__Given records__
******

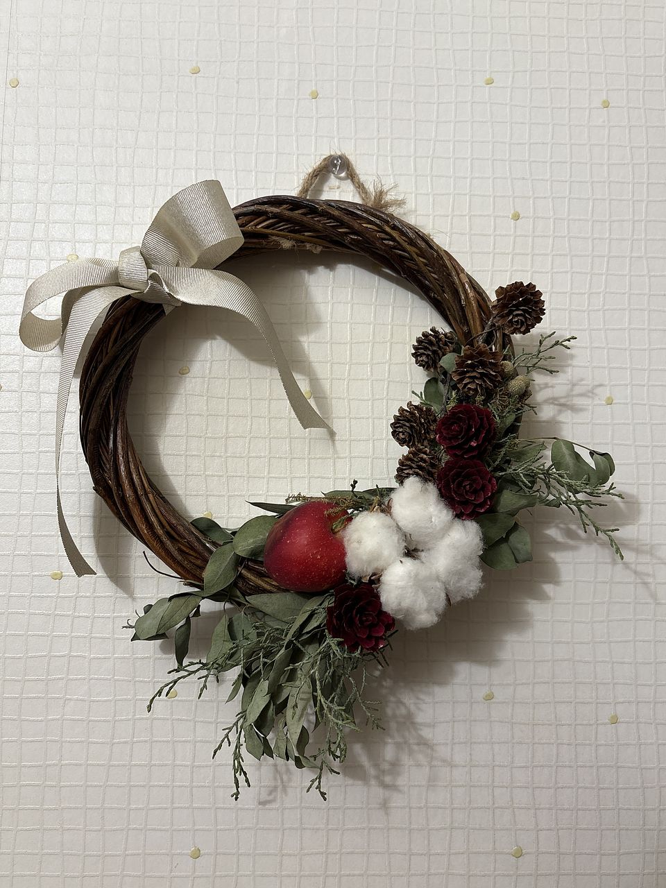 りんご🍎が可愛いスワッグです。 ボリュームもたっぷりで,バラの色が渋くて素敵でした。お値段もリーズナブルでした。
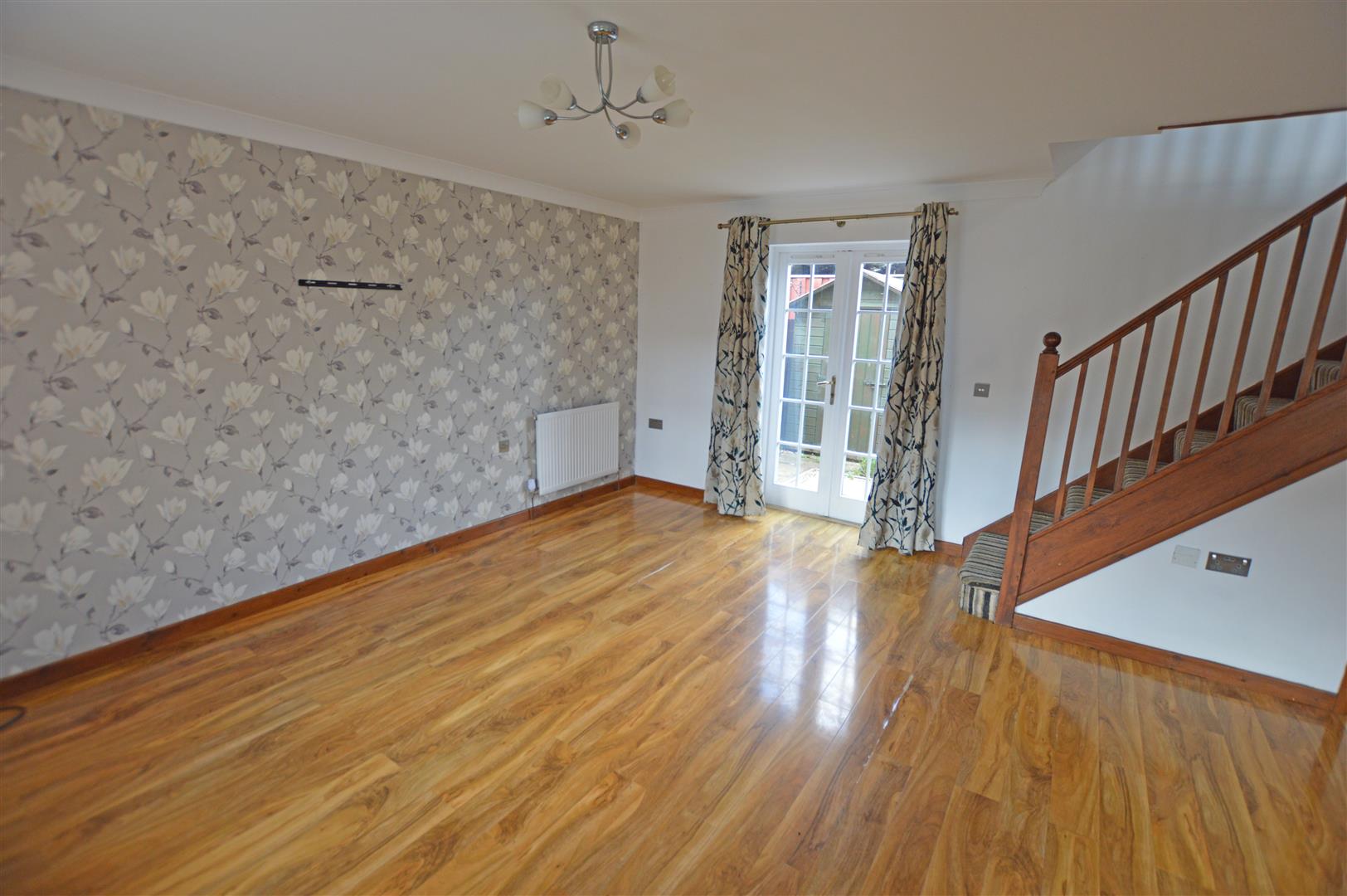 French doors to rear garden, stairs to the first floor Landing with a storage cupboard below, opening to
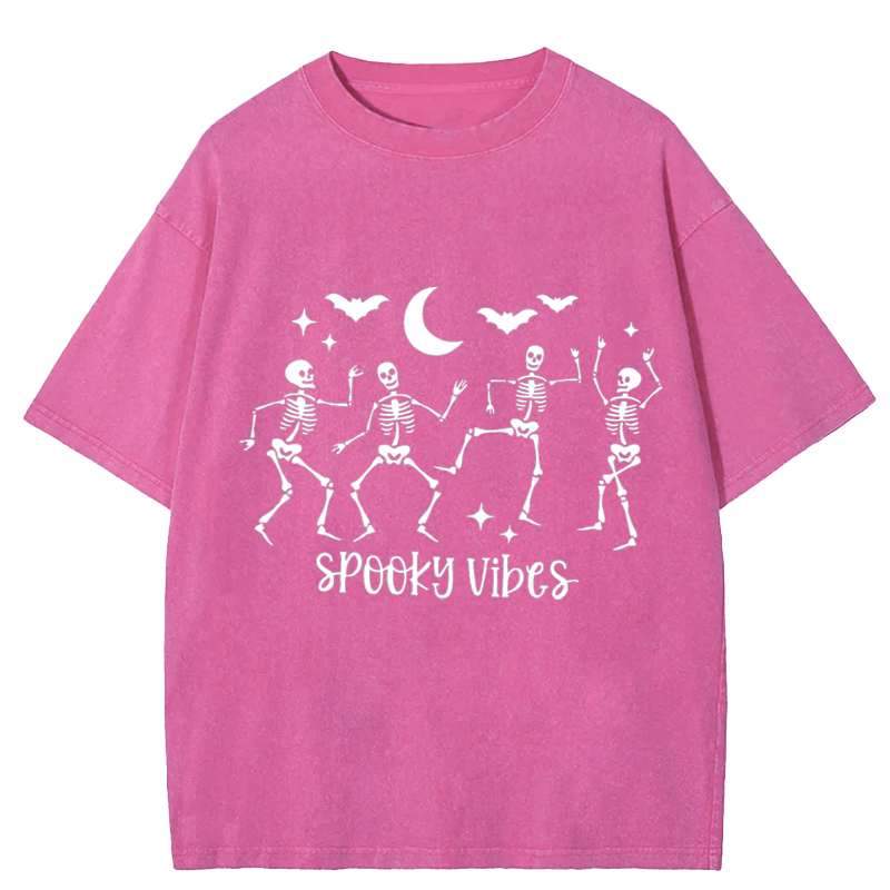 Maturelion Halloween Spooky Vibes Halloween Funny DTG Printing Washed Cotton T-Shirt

******

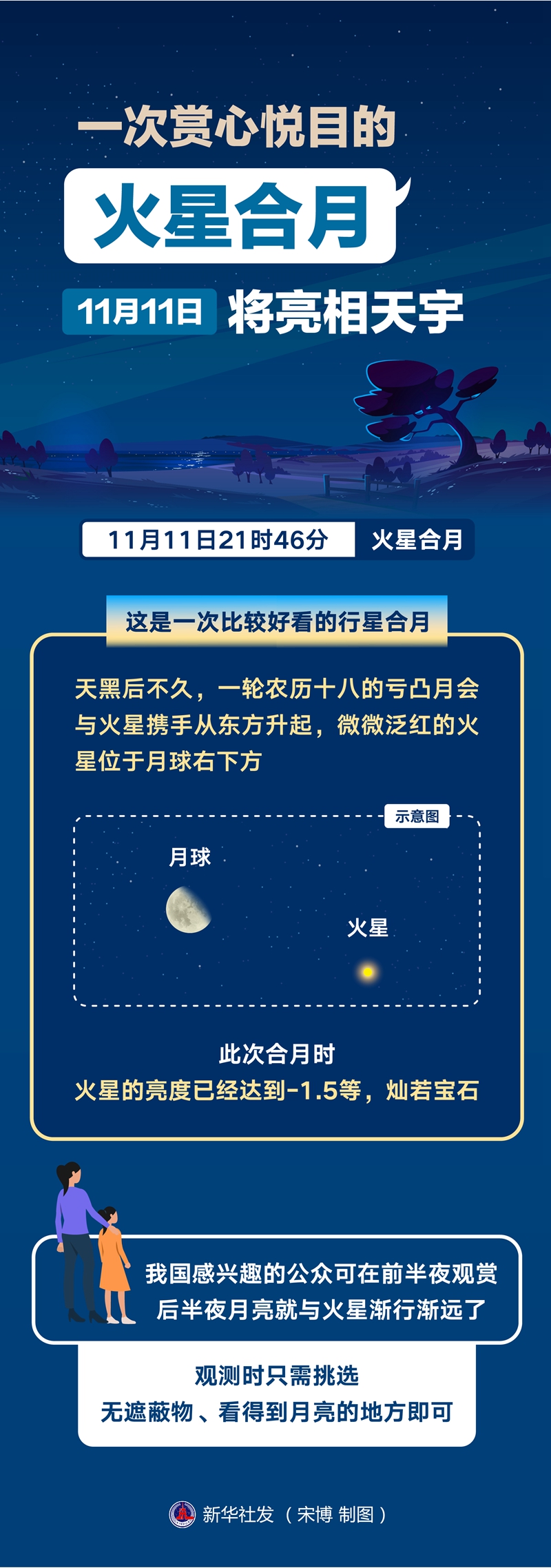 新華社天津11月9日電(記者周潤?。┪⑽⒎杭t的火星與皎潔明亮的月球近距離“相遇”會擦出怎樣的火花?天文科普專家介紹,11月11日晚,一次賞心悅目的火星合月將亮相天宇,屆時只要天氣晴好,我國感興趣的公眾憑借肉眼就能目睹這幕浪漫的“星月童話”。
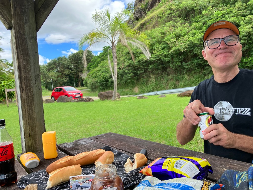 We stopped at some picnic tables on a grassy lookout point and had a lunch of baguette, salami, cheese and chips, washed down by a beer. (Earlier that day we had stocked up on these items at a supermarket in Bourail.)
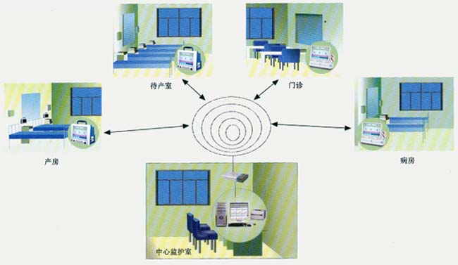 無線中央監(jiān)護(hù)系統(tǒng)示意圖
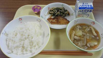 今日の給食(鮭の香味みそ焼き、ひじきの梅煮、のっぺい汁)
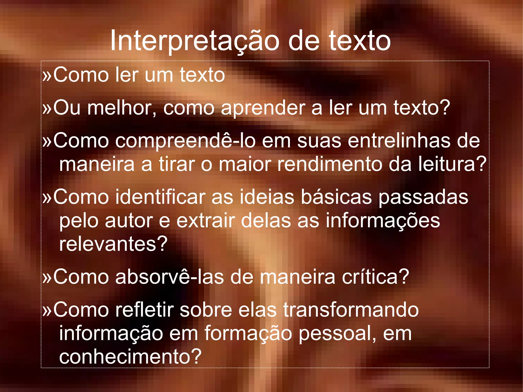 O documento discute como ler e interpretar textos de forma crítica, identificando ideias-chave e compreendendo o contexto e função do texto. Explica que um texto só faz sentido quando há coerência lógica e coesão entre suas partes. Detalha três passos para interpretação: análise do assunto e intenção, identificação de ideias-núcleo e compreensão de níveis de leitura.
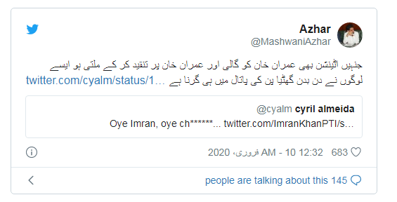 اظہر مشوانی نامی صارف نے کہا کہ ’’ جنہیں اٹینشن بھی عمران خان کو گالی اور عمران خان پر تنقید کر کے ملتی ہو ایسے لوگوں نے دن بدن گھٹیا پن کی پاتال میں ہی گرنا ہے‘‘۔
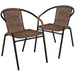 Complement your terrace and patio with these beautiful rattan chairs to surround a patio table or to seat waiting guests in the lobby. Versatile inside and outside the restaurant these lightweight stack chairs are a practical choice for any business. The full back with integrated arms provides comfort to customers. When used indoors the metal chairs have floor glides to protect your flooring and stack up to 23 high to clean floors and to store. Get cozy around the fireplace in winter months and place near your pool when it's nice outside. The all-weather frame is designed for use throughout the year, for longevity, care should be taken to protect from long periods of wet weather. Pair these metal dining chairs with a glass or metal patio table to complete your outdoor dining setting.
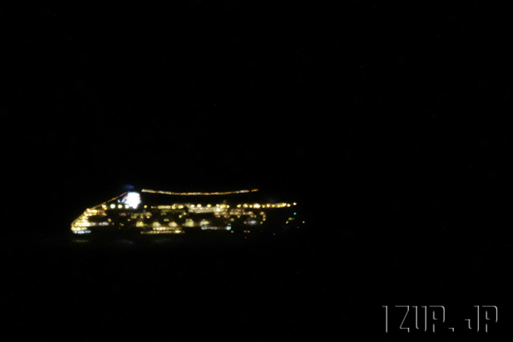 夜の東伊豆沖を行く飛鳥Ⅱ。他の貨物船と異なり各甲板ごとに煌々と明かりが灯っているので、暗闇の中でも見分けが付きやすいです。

******

__Your task__
Without the pictures, give again exactly the lines above starting at the line containing "りんご🍎が可愛いスワッグです" and ending at the line containing "Maturelion Halloween Spooky".

__Written response__
 りんご🍎が可愛いスワッグです。 ボリュームもたっぷりで,バラの色が渋くて素敵でした。お値段もリーズナブルでした。
 French doors to rear garden, stairs to the first floor Landing with a storage cupboard below, opening to
 Maturelion Halloween Spooky Vibes Halloween Funny DTG Printing Washed Cotton T-Shirt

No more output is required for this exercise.